##### SUPPLIED MATERIAL #####
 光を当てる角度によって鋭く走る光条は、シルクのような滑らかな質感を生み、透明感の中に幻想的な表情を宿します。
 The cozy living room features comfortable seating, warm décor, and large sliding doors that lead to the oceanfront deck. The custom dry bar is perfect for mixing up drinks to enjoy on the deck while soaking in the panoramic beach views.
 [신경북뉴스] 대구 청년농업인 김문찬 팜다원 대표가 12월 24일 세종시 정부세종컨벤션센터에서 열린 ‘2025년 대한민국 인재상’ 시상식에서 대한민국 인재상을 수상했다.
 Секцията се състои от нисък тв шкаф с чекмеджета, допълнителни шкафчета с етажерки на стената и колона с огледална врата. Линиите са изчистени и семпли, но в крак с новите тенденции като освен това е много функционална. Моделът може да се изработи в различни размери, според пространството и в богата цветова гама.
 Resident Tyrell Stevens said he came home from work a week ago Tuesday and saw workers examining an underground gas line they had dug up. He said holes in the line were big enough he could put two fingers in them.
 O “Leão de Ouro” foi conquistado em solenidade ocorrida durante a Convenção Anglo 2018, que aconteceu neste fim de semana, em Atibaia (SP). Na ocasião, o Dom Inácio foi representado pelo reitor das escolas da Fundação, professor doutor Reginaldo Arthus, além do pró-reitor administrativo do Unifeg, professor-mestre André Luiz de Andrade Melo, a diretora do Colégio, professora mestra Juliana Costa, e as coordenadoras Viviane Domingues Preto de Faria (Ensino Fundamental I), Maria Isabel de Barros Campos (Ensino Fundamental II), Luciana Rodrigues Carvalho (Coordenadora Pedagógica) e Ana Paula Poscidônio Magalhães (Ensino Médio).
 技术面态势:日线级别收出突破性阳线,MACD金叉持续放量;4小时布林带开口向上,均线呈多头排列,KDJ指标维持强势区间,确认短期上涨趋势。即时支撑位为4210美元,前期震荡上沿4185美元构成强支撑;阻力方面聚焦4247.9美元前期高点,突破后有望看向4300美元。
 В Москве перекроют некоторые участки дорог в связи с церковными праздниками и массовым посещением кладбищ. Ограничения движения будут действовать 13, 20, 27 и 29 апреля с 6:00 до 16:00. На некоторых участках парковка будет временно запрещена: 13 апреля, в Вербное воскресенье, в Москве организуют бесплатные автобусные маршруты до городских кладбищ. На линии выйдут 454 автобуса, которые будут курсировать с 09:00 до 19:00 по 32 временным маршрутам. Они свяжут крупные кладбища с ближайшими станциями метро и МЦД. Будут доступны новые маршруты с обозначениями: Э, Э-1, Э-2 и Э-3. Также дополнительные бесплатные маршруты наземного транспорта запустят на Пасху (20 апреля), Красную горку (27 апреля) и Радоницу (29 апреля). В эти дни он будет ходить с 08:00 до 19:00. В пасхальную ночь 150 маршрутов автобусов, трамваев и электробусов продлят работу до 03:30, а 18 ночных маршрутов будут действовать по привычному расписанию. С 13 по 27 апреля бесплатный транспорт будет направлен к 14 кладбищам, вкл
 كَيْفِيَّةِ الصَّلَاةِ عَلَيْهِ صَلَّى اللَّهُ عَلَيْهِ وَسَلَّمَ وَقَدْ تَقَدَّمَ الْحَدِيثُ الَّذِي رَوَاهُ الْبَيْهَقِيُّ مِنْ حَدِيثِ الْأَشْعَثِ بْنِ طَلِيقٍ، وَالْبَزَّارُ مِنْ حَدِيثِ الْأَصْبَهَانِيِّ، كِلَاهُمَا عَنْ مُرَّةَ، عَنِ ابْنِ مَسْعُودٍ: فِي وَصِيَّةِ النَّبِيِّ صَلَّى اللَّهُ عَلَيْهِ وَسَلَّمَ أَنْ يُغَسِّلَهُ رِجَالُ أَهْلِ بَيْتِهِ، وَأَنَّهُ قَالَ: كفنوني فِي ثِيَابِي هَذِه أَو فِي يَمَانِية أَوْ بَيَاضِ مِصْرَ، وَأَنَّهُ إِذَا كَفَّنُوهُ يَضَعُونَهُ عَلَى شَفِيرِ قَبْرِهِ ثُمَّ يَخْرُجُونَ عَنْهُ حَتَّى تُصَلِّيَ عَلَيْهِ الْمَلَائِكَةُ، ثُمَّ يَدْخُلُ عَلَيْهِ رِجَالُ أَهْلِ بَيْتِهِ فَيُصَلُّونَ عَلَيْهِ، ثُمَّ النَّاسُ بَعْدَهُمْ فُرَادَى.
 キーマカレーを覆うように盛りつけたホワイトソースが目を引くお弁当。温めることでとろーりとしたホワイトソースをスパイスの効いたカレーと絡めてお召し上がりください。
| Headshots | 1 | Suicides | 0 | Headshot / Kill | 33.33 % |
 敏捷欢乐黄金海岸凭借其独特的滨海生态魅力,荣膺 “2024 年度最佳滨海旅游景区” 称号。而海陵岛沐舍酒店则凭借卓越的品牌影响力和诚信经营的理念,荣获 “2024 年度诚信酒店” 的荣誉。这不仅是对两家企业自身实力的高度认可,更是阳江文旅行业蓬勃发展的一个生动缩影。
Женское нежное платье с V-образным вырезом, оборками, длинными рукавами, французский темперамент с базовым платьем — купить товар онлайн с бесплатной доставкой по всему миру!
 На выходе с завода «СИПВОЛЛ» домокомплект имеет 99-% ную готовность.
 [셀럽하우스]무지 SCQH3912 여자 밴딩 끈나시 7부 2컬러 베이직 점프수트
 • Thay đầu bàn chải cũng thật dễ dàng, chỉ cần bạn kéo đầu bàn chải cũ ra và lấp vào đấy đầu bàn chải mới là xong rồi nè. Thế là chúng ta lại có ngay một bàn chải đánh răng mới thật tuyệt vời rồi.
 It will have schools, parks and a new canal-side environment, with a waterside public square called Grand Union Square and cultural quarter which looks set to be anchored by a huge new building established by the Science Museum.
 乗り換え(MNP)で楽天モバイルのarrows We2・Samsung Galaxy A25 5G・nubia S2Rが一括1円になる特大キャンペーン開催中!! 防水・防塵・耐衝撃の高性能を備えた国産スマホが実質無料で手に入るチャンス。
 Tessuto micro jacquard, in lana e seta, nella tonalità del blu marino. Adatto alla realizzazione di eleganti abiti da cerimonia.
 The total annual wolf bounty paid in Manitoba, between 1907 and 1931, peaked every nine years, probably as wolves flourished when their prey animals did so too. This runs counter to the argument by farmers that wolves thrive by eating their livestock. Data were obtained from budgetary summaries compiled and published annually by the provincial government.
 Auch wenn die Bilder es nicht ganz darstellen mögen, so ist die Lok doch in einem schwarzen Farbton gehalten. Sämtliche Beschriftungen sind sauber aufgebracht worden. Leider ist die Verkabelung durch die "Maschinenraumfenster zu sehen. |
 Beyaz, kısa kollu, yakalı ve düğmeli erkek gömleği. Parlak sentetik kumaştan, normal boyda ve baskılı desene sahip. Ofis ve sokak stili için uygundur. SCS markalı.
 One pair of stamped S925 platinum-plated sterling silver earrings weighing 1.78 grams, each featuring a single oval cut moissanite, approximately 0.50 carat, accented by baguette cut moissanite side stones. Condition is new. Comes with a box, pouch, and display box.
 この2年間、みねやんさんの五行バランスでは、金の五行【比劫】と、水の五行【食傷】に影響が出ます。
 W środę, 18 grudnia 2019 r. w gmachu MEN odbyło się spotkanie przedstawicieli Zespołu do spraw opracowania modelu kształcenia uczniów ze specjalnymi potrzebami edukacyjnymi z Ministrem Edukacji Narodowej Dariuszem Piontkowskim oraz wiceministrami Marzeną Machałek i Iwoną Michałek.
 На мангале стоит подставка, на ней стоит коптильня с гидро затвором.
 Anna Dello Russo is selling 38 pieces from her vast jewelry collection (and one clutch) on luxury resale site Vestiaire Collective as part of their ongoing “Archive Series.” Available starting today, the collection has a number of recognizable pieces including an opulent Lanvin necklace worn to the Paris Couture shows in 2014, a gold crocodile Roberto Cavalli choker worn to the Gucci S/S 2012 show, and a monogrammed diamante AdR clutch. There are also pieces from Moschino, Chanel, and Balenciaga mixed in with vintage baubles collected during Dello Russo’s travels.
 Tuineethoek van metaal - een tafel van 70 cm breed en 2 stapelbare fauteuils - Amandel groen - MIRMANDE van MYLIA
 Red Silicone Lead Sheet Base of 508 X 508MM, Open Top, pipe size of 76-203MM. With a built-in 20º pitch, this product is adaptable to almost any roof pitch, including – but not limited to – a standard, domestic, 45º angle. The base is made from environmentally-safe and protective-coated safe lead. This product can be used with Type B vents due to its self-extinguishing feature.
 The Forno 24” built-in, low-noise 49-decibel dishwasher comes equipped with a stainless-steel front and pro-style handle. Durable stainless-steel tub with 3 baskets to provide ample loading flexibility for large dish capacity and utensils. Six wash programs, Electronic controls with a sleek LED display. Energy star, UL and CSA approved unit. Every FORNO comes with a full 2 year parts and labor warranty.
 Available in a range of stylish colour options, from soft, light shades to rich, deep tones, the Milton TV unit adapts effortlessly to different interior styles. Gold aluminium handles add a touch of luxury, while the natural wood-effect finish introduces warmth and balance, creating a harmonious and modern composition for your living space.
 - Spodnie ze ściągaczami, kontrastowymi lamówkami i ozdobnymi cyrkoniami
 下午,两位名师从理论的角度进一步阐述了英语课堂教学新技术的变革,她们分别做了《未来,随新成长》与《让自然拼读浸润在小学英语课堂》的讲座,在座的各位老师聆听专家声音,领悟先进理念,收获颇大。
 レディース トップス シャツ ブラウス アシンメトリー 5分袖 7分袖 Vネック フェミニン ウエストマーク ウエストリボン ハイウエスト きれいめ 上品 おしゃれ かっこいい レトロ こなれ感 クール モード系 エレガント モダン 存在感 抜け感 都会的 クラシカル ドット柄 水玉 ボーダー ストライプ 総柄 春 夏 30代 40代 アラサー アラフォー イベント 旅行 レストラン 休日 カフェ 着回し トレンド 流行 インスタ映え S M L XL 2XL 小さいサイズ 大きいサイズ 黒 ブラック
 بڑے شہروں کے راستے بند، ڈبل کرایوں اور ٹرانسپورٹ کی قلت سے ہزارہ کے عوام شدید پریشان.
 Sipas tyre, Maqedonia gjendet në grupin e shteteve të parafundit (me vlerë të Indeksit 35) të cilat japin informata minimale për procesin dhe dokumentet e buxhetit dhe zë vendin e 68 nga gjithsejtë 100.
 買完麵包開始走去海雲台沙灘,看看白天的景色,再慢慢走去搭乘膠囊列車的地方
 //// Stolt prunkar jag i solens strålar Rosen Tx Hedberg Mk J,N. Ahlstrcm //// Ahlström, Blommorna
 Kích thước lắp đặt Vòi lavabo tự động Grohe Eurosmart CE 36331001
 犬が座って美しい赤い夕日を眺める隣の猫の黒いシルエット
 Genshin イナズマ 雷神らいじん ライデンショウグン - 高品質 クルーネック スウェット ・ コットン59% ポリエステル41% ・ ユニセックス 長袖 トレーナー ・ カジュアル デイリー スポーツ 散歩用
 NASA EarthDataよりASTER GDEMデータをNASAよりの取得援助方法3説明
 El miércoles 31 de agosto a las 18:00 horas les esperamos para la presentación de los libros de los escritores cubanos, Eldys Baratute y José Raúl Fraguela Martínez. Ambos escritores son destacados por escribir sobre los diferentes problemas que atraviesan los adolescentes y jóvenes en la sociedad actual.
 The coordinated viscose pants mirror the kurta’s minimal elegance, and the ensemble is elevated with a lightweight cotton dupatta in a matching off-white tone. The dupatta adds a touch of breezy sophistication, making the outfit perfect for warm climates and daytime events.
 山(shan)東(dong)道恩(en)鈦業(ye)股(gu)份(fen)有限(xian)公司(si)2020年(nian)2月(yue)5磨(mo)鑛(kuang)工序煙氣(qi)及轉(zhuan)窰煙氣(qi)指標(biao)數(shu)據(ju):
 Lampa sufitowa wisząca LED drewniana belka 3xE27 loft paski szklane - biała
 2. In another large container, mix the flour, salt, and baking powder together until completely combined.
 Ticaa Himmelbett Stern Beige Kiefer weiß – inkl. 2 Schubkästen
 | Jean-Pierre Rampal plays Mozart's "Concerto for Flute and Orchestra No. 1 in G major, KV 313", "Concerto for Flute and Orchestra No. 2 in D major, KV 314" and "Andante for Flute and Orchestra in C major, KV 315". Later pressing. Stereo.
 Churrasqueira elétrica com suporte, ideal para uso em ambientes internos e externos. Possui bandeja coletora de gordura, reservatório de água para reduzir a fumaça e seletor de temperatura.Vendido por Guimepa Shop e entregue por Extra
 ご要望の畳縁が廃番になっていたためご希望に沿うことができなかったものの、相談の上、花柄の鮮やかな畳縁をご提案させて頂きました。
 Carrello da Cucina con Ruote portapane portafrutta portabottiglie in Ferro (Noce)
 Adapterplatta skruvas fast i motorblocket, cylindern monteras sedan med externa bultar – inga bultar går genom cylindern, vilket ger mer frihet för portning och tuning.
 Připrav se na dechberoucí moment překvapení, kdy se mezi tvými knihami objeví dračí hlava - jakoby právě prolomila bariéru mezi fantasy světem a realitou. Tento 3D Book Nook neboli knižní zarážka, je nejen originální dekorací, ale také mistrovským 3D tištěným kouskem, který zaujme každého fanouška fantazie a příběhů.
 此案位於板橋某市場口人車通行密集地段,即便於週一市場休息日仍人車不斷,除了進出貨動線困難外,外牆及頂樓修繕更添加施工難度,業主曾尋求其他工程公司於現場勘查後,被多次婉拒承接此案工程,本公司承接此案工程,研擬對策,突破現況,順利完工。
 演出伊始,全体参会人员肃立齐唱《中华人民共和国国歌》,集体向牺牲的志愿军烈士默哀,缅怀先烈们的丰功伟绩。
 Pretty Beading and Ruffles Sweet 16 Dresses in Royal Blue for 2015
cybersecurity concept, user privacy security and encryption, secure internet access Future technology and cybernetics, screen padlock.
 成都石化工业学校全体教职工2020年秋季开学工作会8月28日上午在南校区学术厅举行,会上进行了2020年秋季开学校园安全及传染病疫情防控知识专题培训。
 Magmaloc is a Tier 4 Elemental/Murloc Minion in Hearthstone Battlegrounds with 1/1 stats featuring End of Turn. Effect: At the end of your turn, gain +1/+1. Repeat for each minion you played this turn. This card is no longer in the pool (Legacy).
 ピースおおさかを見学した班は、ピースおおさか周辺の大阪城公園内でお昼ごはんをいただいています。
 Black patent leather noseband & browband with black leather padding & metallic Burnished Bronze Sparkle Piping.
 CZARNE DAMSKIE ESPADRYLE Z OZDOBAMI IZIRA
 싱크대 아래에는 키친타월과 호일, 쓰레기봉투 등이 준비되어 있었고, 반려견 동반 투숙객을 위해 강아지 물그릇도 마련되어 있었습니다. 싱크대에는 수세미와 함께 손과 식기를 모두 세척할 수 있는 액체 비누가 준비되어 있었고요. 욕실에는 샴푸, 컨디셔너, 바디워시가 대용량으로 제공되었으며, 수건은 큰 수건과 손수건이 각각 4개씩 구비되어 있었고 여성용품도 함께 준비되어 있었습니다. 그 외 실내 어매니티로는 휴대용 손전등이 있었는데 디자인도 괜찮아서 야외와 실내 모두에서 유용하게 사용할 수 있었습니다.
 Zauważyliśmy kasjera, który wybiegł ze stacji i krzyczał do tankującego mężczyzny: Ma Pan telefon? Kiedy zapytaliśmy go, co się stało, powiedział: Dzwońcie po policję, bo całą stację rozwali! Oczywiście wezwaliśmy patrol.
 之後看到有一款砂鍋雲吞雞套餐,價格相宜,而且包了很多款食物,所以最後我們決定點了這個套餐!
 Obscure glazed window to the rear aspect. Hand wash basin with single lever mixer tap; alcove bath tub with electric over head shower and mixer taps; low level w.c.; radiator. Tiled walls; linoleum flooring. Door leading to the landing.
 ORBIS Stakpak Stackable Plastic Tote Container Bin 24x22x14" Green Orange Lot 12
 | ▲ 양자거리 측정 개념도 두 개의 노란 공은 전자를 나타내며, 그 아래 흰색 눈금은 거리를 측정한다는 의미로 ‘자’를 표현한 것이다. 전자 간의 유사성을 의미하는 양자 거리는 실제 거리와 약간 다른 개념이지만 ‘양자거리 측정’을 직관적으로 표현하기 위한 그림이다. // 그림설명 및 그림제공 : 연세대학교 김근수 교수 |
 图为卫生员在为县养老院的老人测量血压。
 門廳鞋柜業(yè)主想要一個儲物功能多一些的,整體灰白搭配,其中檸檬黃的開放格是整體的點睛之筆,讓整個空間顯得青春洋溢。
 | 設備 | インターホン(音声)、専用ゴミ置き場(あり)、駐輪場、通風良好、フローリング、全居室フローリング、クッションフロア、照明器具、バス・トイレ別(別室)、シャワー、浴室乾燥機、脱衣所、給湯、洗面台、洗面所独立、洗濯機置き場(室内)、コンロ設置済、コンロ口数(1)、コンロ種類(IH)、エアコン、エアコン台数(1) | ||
#####
— PROBLEM TO WORK ON —
After locating the line with "Sipas tyre, Maqedonia" above, return that line and every later line through the one with "The coordinated viscose", word for word and with nothing else.

— SOLUTION TO THE PROBLEM —
 Sipas tyre, Maqedonia gjendet në grupin e shteteve të parafundit (me vlerë të Indeksit 35) të cilat japin informata minimale për procesin dhe dokumentet e buxhetit dhe zë vendin e 68 nga gjithsejtë 100.
 買完麵包開始走去海雲台沙灘,看看白天的景色,再慢慢走去搭乘膠囊列車的地方
 //// Stolt prunkar jag i solens strålar Rosen Tx Hedberg Mk J,N. Ahlstrcm //// Ahlström, Blommorna
 Kích thước lắp đặt Vòi lavabo tự động Grohe Eurosmart CE 36331001
 犬が座って美しい赤い夕日を眺める隣の猫の黒いシルエット
 Genshin イナズマ 雷神らいじん ライデンショウグン - 高品質 クルーネック スウェット ・ コットン59% ポリエステル41% ・ ユニセックス 長袖 トレーナー ・ カジュアル デイリー スポーツ 散歩用
 NASA EarthDataよりASTER GDEMデータをNASAよりの取得援助方法3説明
 El miércoles 31 de agosto a las 18:00 horas les esperamos para la presentación de los libros de los escritores cubanos, Eldys Baratute y José Raúl Fraguela Martínez. Ambos escritores son destacados por escribir sobre los diferentes problemas que atraviesan los adolescentes y jóvenes en la sociedad actual.
 The coordinated viscose pants mirror the kurta’s minimal elegance, and the ensemble is elevated with a lightweight cotton dupatta in a matching off-white tone. The dupatta adds a touch of breezy sophistication, making the outfit perfect for warm climates and daytime events.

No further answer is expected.